Thanks for your code. having tuple in this case is just for speeding up the code?

Misc08

6/18/23, 1:48 PM

@ZarehKasparian Indeed creating the tuples directly is speeding up the code, since you don't need the zip-function anymore, which is basically creating tuples from those two lists, see https://docs.python.org/3/library/functions.html#zip

Score:1

Server

Zareh Kasparian

6/14/23, 5:52 PM

With the suggestion of "shearn89" I have edited my code as below:

much simpler with a single iteration.

userlist=[]
iplist=[]
for i in data:
    ip=i.split(' ')[6].split(':')[0]
    user=i.split(' ')[5]
    iplist.append(ip)
    userlist.append(user)

top_used=collections.Counter(zip(iplist,userlist)).most_common(5)
pprint.pprint(top_used)

0 + 0

Elon Musk

I sit in a Tesla and translated this thread with Ai:

EN: multiple portion selection of a string in python

TH: การเลือกสตริงหลายส่วนในหลาม

RO: selectarea mai multor porțiuni a unui șir în python

RU: выбор нескольких частей строки в python

VI: lựa chọn nhiều phần của một chuỗi trong python

Post an answer

Most people don’t grasp that asking a lot of questions unlocks learning and improves interpersonal bonding.

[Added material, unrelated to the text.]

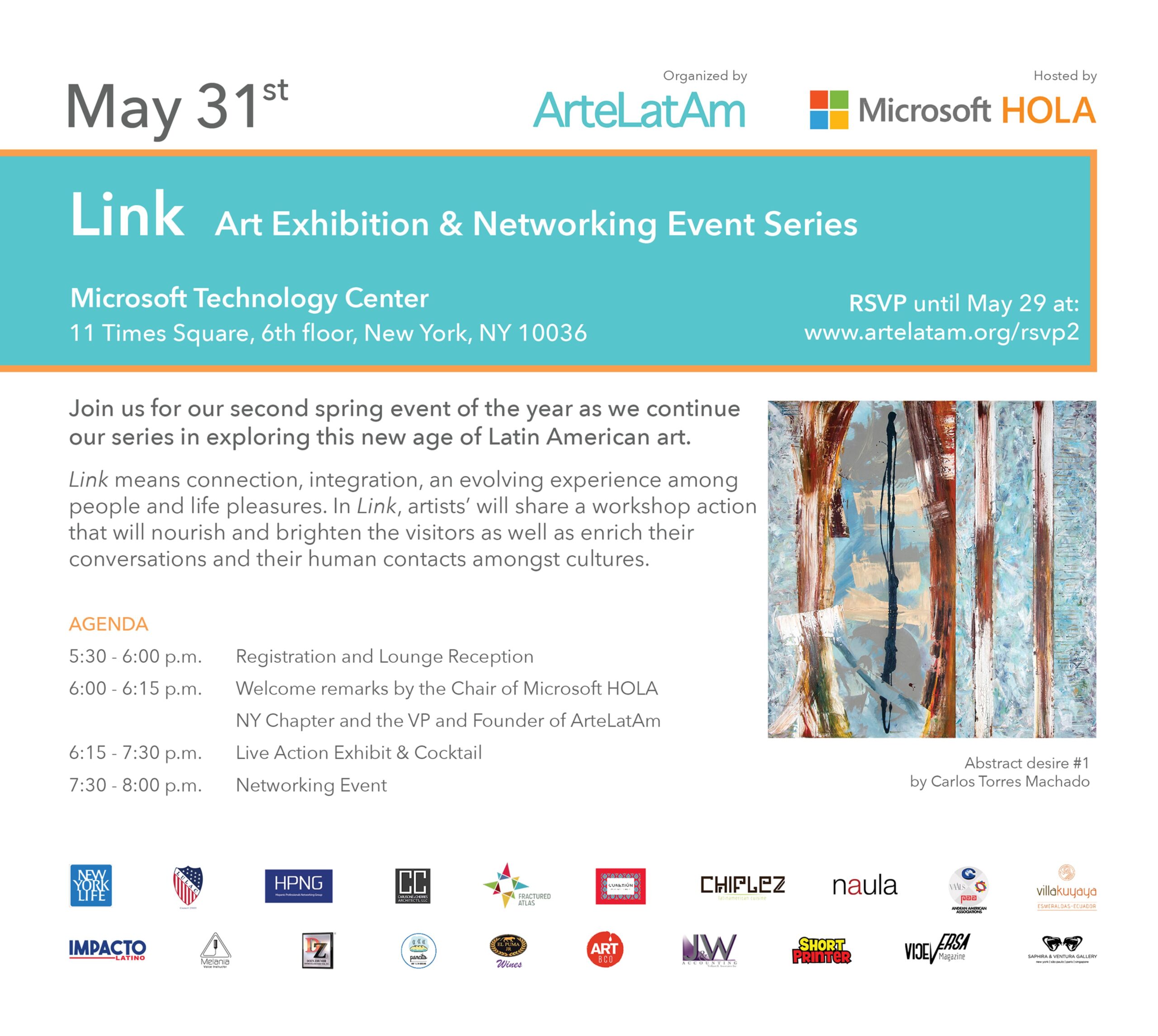 This exhibition was created with the mission of expanding connections among Latino-Hispanic employees at Microsoft and Latin American artists in New York City. HOLA-Microsoft Corpo- ration, LULAC, and ArteLatAm have united forces to organize a networking event showcasing five of the most influential, emerging, Latin American visual artists living in New York. It will be a fusion of an art exhibition, and a meet and greet event to illustrate the many characteristics of the Latin American community. Linked culturally, professionally, and technologically, our art exhibition and networking event aims to gather a diverse audience from all socioeconomic and racial backgrounds. The featured artists will be showing approximately 13 art pieces con- sisting of drawings, paintings, and sculptures, each with their own unique style. The selec- tion of artworks will show the various facets of the artists’ creative processes and identities.

In Alison’s studies, for example, though people could accurately recall how many questions had been asked in their conversations, they didn’t intuit the link between questions and liking. Across four studies, in which participants were engaged in conversations themselves or read transcripts of others’ conversations, people tended not to realize that question asking would influence—or had influenced—the level of amity between the conversationalists.